Providers may keep costs in check with help from nurse practitioners.
The proposed rule, part of the Affordable Care Act, requires that each hospice patient has a face-to-face encounter with a hospice physician or nurse practitioner before their 180-day recertification and for each 60-day recertification period going forward. The proposed rule was included in the July 23 Federal Register as part of the Home Health Prospective Payment System update.
Hospice patients must have the face-to-face encounter with their certifying physician no more than 15 days prior to recertification, starting with the 180-day recert, CMS says in the rule. The 180 days counts across all hospices from which a patient has received services.
A physician narrative associated with the recert "must include an explanation of why the clinical findings of the face-to-face encounter support a life expectancy of 6 months or less," the rule proposes.
Know Who Can Make the Visit
The face-to-face visits can be performed by the hospice physician or by a hospice nurse practitioner. But only the physician can certify terminal illness. So, if the nurse practitioner does the visit, he or she must coordinate with the physician to provide appropriate documentation with which to determine whether the patient still has a life expectancy of six months or less.
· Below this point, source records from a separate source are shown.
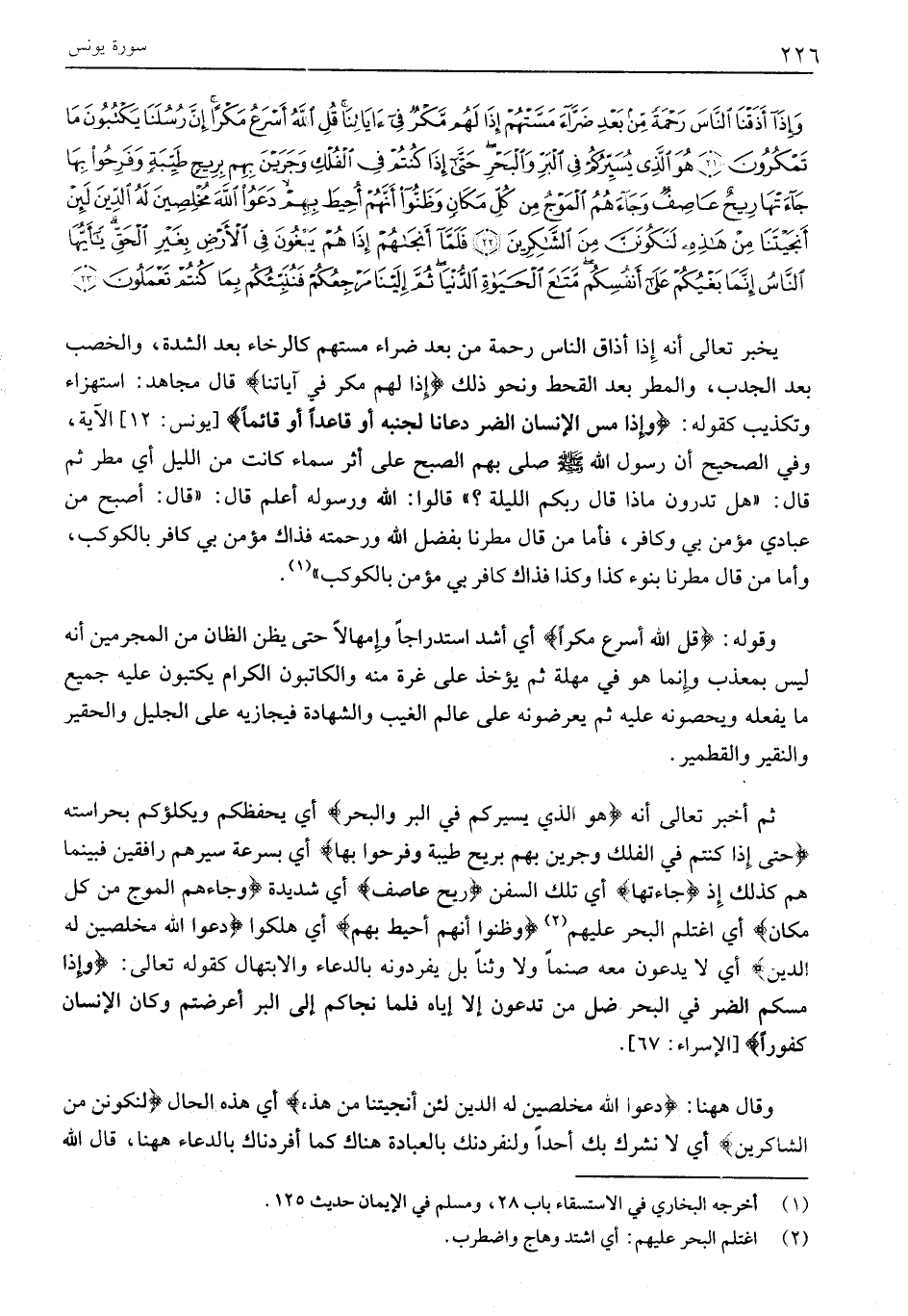(1) أخرجه البخاري في الاستسقاء باب 28، ومسلم في الإيمان حديث 125.
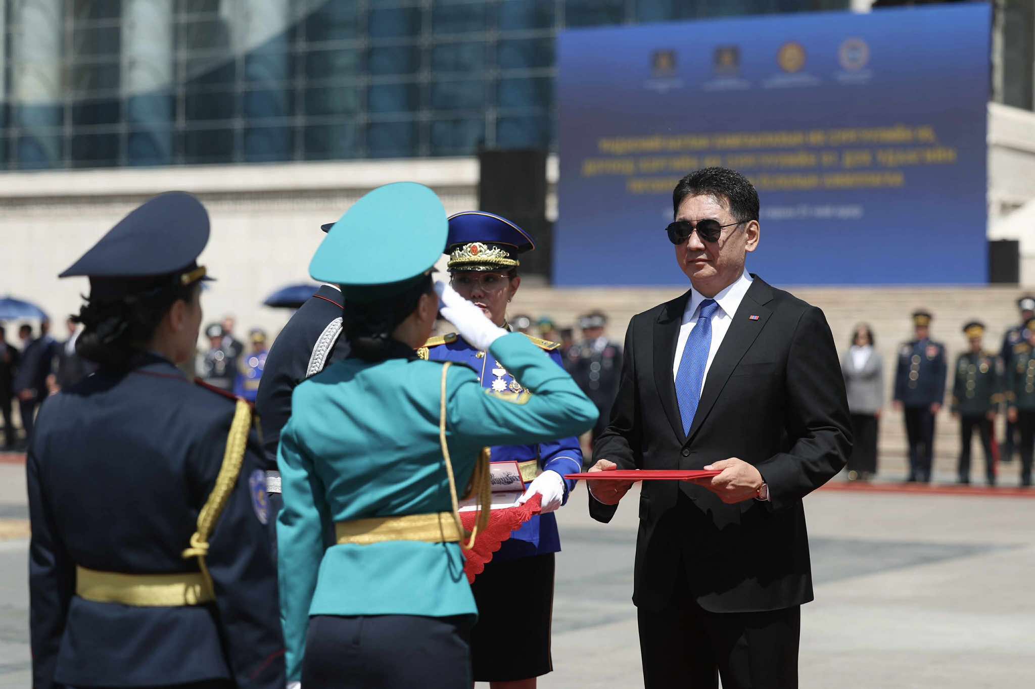 Монгол Улсын Ерөнхийлөгч, Зэвсэгт хүчний Ерөнхий командлагч У.Хүрэлсүх ёслолд оролцож, үндэсний аюулгүй байдлыг хангах нэр хүндтэй бөгөөд хариуцлагатай албанд хүчин зүтгэхээр цэргийн цолоо гардан авсан төгсөгчдөд баяр хүргэж, амжилт хүслээ.
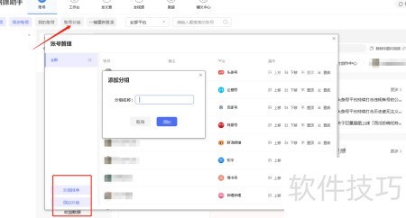 5、 点击账号分组中的或,可对账号进行排序与分类管理,方便高效组织和查找。
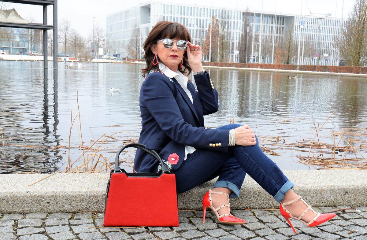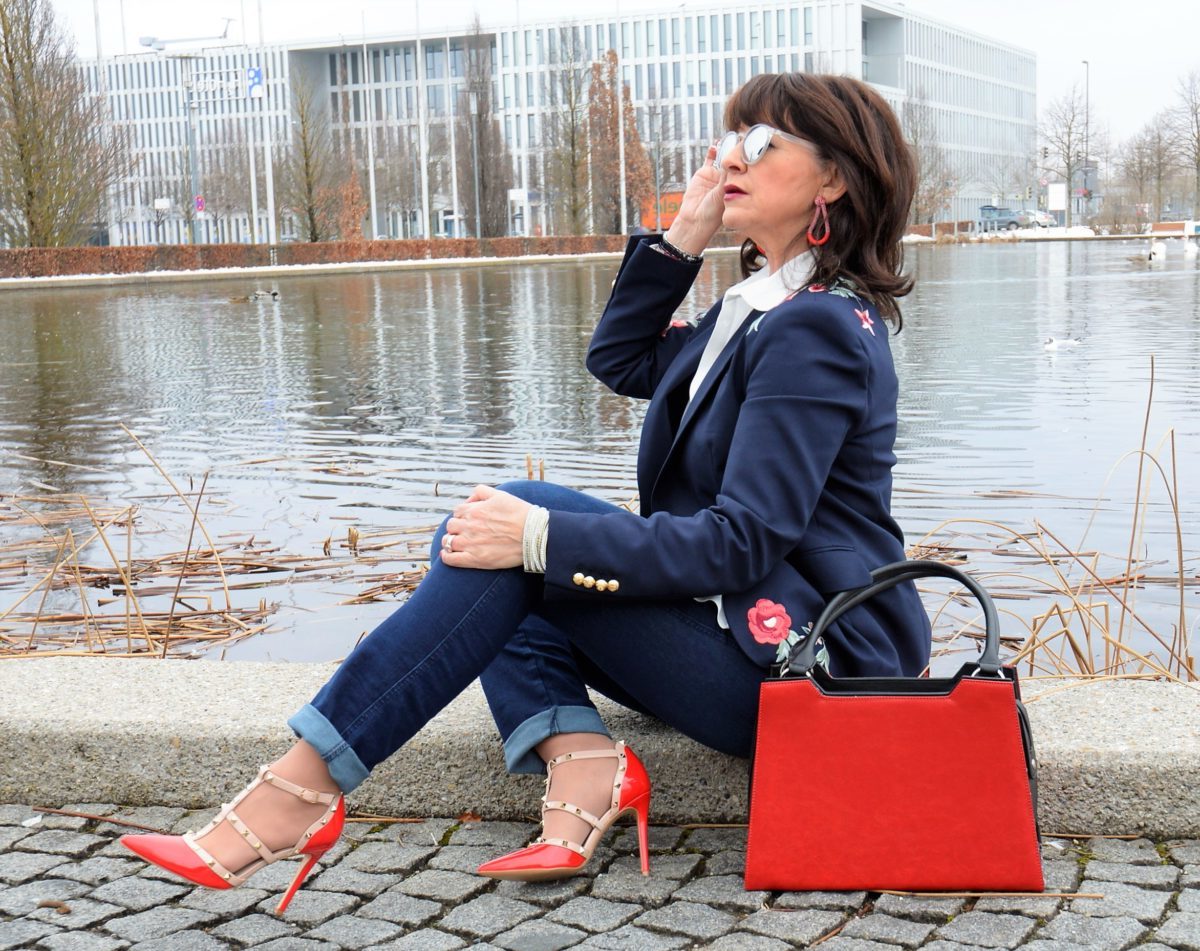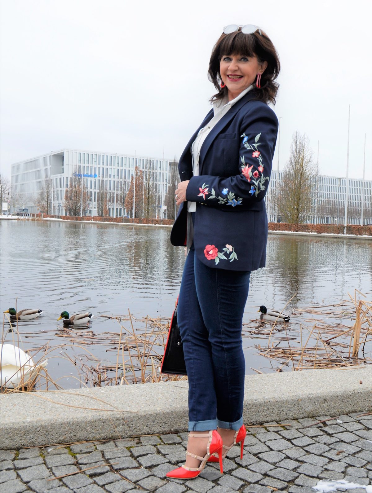 Die passgenaue Jeans, dazu eine weiße Bluse, der schicke Blazer mit floralem Muster und die traumhaft schönen Valentinos mit einer angenehmen roten Farbe – faszinierende, von mir so verehrte Weiblichkeit einer wahren Dame von 50plus!
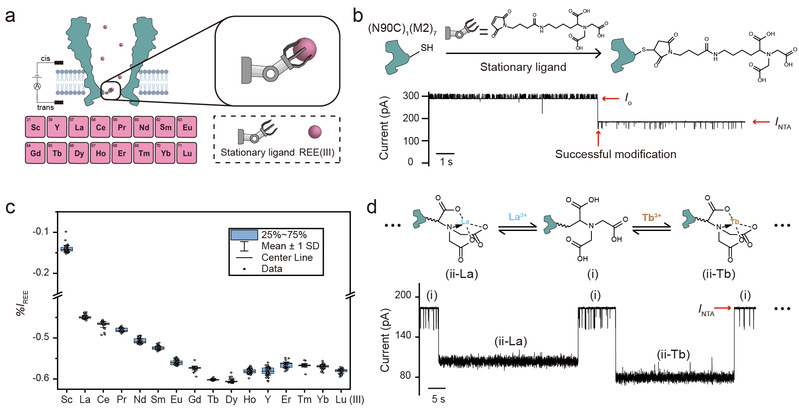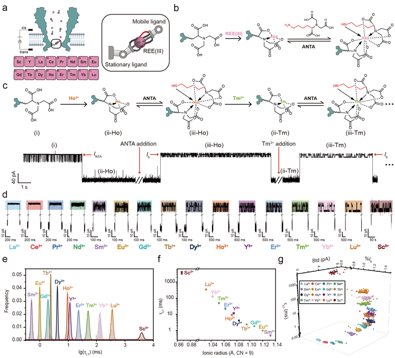 为了进一步提高对稀土的区分能力,该团队在单配体策略的基础上引入第二个游离的配体,创新性地提出双配体策略(图2)。当孔道上的固定配体(NTA)螯合三价稀土离子时,此时稀土离子还有多余的空轨道可以与游离配体(N,N-双 (羧甲基)-L-赖氨酸,ANTA)发生配位作用,从而汇报出专属于该稀土离子的特异性事件,机器学习识别准确率高达99.6%,这是世界上第一个能完全分辨所有稀土的纳米孔。同时,该团队也通过稀土离子的特异性事件在单分子水平上观测到镧系收缩规律。
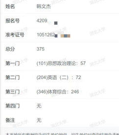 韩文杰与湖北大学的缘分,早在2022 年体育高考时便已埋下种子。彼时,湖大便成为他心中坚定的奋斗目标。进入武汉学院学习后,他始终坚守初心、笃行不怠,在扎实完成专业课程学习、精进帆船专项技能的同时,以高度自律投入考研备战。图书馆里的潜心苦读、日复一日的知识积累、备考关键期的咬牙坚持,最终化作初试375 分的优异成绩,更在复试中凭借扎实功底与良好状态脱颖而出,顺利斩获一志愿拟录取资格。
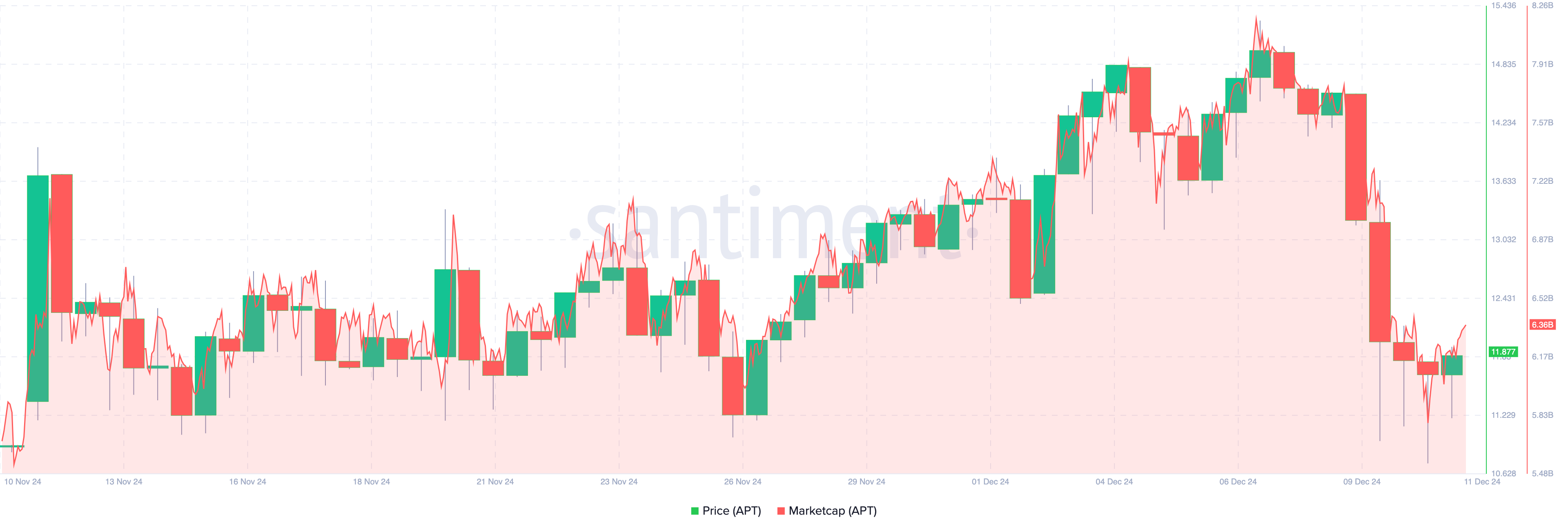6 Aralık’ta Aptos (APT), yaklaşık 8,25 milyar dolar piyasa değerine sahipti. Ancak şu anda piyasa değeri 6,36 milyar dolara düştü ve sadece beş gün içinde neredeyse 2 milyar dolar kaybetti.

"Patients and families can benefit from seeing the hospice physician," says Samira Beckwith with Hope Hospice and Community Services in Ft. Myers, Fla. "Fine tuning care, pain management, and medicine can come out of these face-to-face encounters."
"Hospices that have already been sending out a physician or medical director to see patients on admission shouldn't have a difficult time adjusting to the new requirements," says Beth Carpenter, president of Beth Carpenter and Associates in Lake Barrington, Ill. But those who haven't been providing such visits will see a more difficult time and additional expense.
Added cost: The proposed rule doesn't indicate whether these visits will be reimbursed, which has industry experts planning for the worst. "Unless CMS clarifies whether these visits will be reimbursed, hospices will be hard pressed to get physicians or nurse practitioners to do these visits," says attorney Marie C. Berliner, with Lambeth & Berliner in Austin, Tex. "Physicians are only paid for medically necessary visits."
"The feeling is that this is an administrative service -- not separately billable," says attorney Meg Pekarske with Reinhart Boerner Van Deuren in Madison, Wisc. "Unless the visits are done in tandem with a medically necessary visit, they will likely be un-reimbursable. My guess is that they will be tracking visits and probing claims to verify medical necessity."
As a result, Berliner predicts that hospices will want to push these visits to nurse prctioners because the cost is lower. "But physicians will still need to review documentation and certify the patients."
Bottom line: The proposed rule requires providers to add attestation language to certification forms, says consultant Karen Vance with BKD in Springfield, Mo. Physicians will need to sign and date to confirm that the face-to-face visit took place.
Rural Hospices Face a Challenge
Many rural hospices say there's no way they can meet the new face-to-face visit requirement, says Pekarske. With service areas spanning as much as 100 miles in each direction, the logistics become complicated.
"Who is going to want to drive all the way out in the country to do these face-to-face visits?" Pekarske asks. "Will you be able to get good people willing to do this job?"
Solution overlooked? While home health agencies are able to utilize telehealth in making patient visits, there is no mention in the proposed rule of the use of telehealth for hospices.
Proposed Rule Misses the Mark, Experts Say
"CMS seems to be doing this as a way to keep out inappropriate patients, but this isn't the best way to do it," Beckwith says. We all agree that patients should be recertified appropriately, but the face-to-face encounter rule won't achieve this."
Additional development requests and focused medical reviews should help to weed out inappropriate patients, Beckwith says.
The face-to-face encounter rules may have the unexpected consequence of some hospices re-thinking admitting certain patients. Providers may begin to avoid longer length of stay patients who are expected to live another four or five months, Berliner says.
"You want to make sure the patient is appropriate, and the rule raises a valid concern for a long length of stay patient. But predicting terminal status isn't an exact science," Berliner says. "It makes sense to take a second look at long length of stay patients, but this is going to put a lot of stress on hospices if it isn't reimbursed."
"No matter what we do, we're going to have a certain percentage of patients who are with us for a year or two," Beckwith says.
Silver lining: The rule is still in proposed form which offers a huge opportunity for providers to weigh in with comments, either through associations or directly to CMS, Berliner says. CMS is accepting comments through September 14.